— Бог считает, что это цена за искупление грехов. Он зол и мелочен.
— Прекратите богохульствовать.
— Почему? Чем я рискую?
— Вы оскорбляете Бога.
— Он тоже меня оскорбляет. Если Он меня создал по образу и подобию Своему, то я имею те же права, что и Он. Тут уж вы точно не станете мне возражать. Вы ведь считаете себя Богом.
— Только когда я люблю.
На это у Сатурнины не нашлось ответа. Она сменила тему:
— Очень вкусная ваша сарсуэла. Не знаю, как с омаром, но со спаржей просто изумительно.
— Это потому, что я не приемлю понятия замены. Вот смотрите: я влюбился в вас. Вы моя девятая квартиросъемщица. Восемь женщин, которые были до вас, вы не заменяете. Я продолжаю их любить. Каждый раз любовь нова. Для каждого раза был бы нужен новый глагол. Однако глагол «любить» подходит, ибо в нем есть напряжение, присущее всякой любви, которое один лишь этот глагол может выразить.
Сатурнина не моргнув глазом слушала, как он описывает свое состояние.
— А раньше, когда были живы ваши родители, вы любили?
— Начинал. Того мальчика, в шесть лет, которому я дарил столовое серебро. Такая вот жалкая история любви. Нет, повторяю, только с квартиросъемщицами я узнал, что такое любовь, настоящая. Уж не знаю, как это удается другим. Аренда квартиры в этом смысле — идеальная схема, по крайней мере для меня.
— А при жизни вашего отца вы могли бы это устроить?
— Вряд ли. Даже если предположить, что он бы мне позволил, я бы скорее всего не осмелился. Надо признать, что родители — самая антиэротическая инстанция на свете.
Сатурнина подумала, что такие рассуждения делают дона Элемирио все более подозрительным в ее глазах, и с досадой констатировала, что ищет ему оправдания.
— Я выбрал спаржу не случайно, — снова заговорил дон Элемирио. — Вы напоминаете мне спаржу. Вы длинная и тонкая, ваш запах не похож ни на какой другой, и ничто на свете не сравнится с совершенством вашего лица.
Комплимент, который разозлил бы ее еще вчера, на сей раз глубоко тронул. Как это ужасно — быть влюбленной! Она чувствовала себя такой беззащитной, словно с нее заживо содрали кожу. Вот несчастье-то! Сатурнина укрылась за бокалом шампанского, надеясь, что вино не ослабит еще больше ее защитные механизмы.
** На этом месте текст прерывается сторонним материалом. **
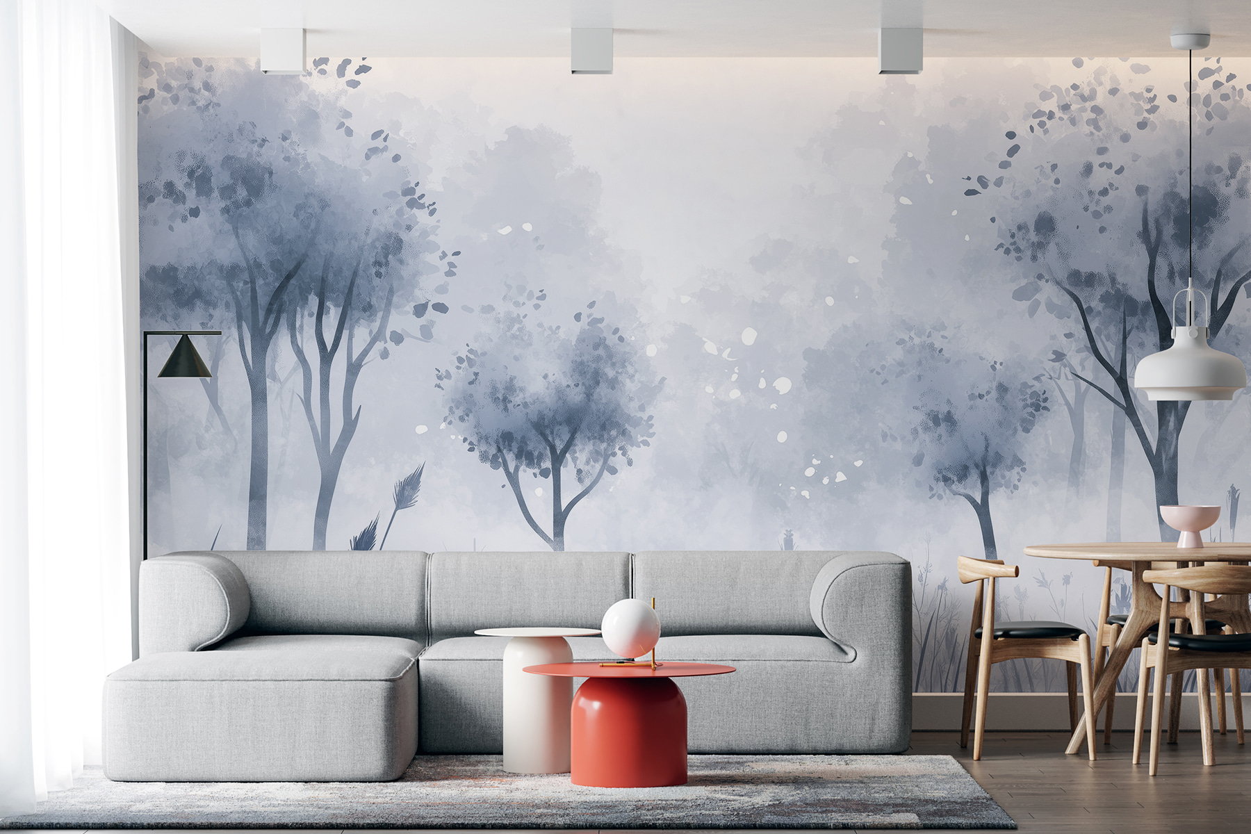 Guardate esattamente come apparirà il vostro spazio con la nuova carta da parati prima di acquistarla. Visualizzazione professionale da parte di designer esperti senza alcun costo o obbligo di acquisto.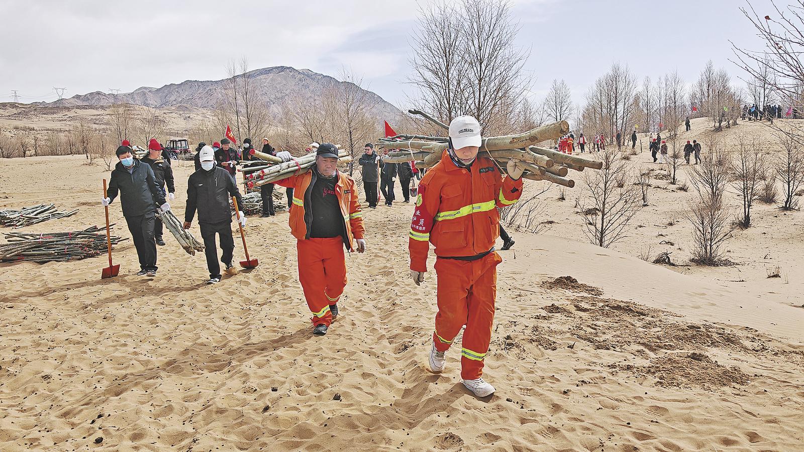 大家心里都有明確目標(biāo):必須趕在高原暖春徹底到來(lái)前,完成全部工程固沙任務(wù),為后續(xù)生物治沙、植樹(shù)造林搶時(shí)間、占先機(jī)。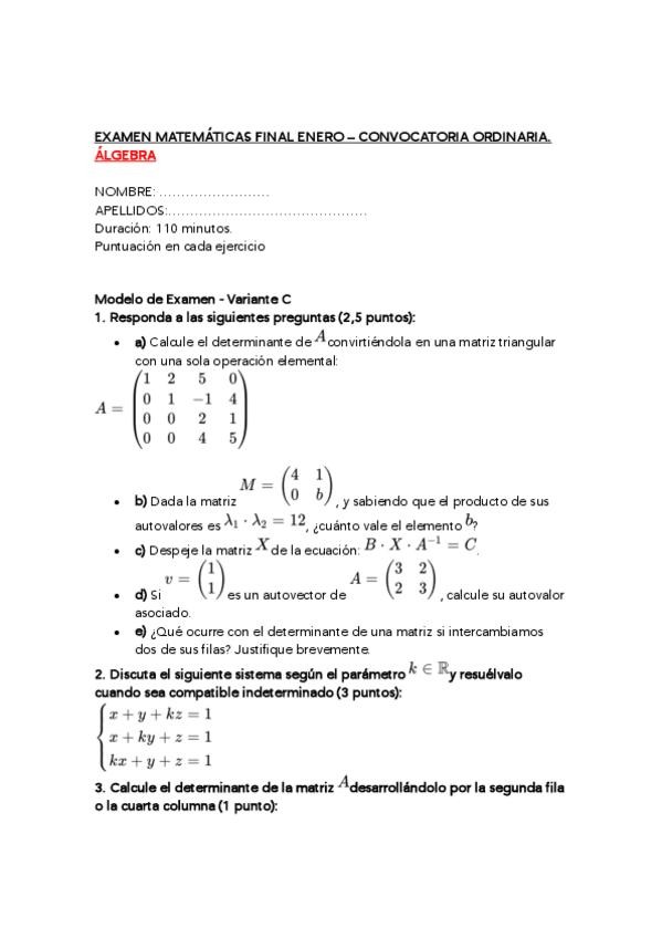 Os he subido 4 modelos de examen de algebra, si quereis también de la parte de calculo decirmelo y lo subo, o también apuntes de ambas partes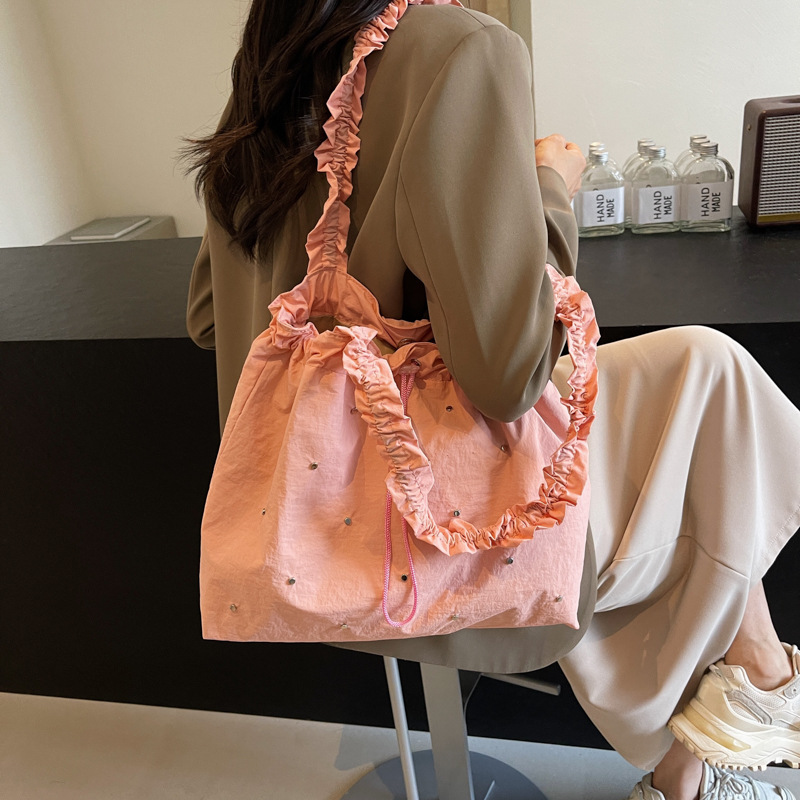 韩风ins新款泡泡单肩包两面背时尚少女帆布包休闲大容量托特包包

— Вы что-то сегодня неразговорчивы, — заметил дон Элемирио.
— Я плохая собеседница, я же вас предупреждала. Это не страшно. Вы-то, как всегда, говорите за четверых.
— Только когда я люблю. «От избытка сердца говорят уста» — сказано в Библии.
Сатурнина прекрасно его понимала. Она чувствовала, что вела бы себя точно так же, даже если бы у нее не было необходимости таиться: стоило лишь открыть шлюзы, и слова хлынули бы бесконечным потоком. «Когда я получу доказательство его невиновности, дам себе волю», — решила она. Что это могло быть за доказательство? Она понятия не имела.
— Как вы утешились после… исчезновения тех восьми женщин, которых вы любили? — спросила она.
— Разве, по-вашему, я выглядел утешившимся, когда мы с вами познакомились? Вот мой ответ: я так и не утешился.
— Сейчас вы выглядите вполне утешившимся.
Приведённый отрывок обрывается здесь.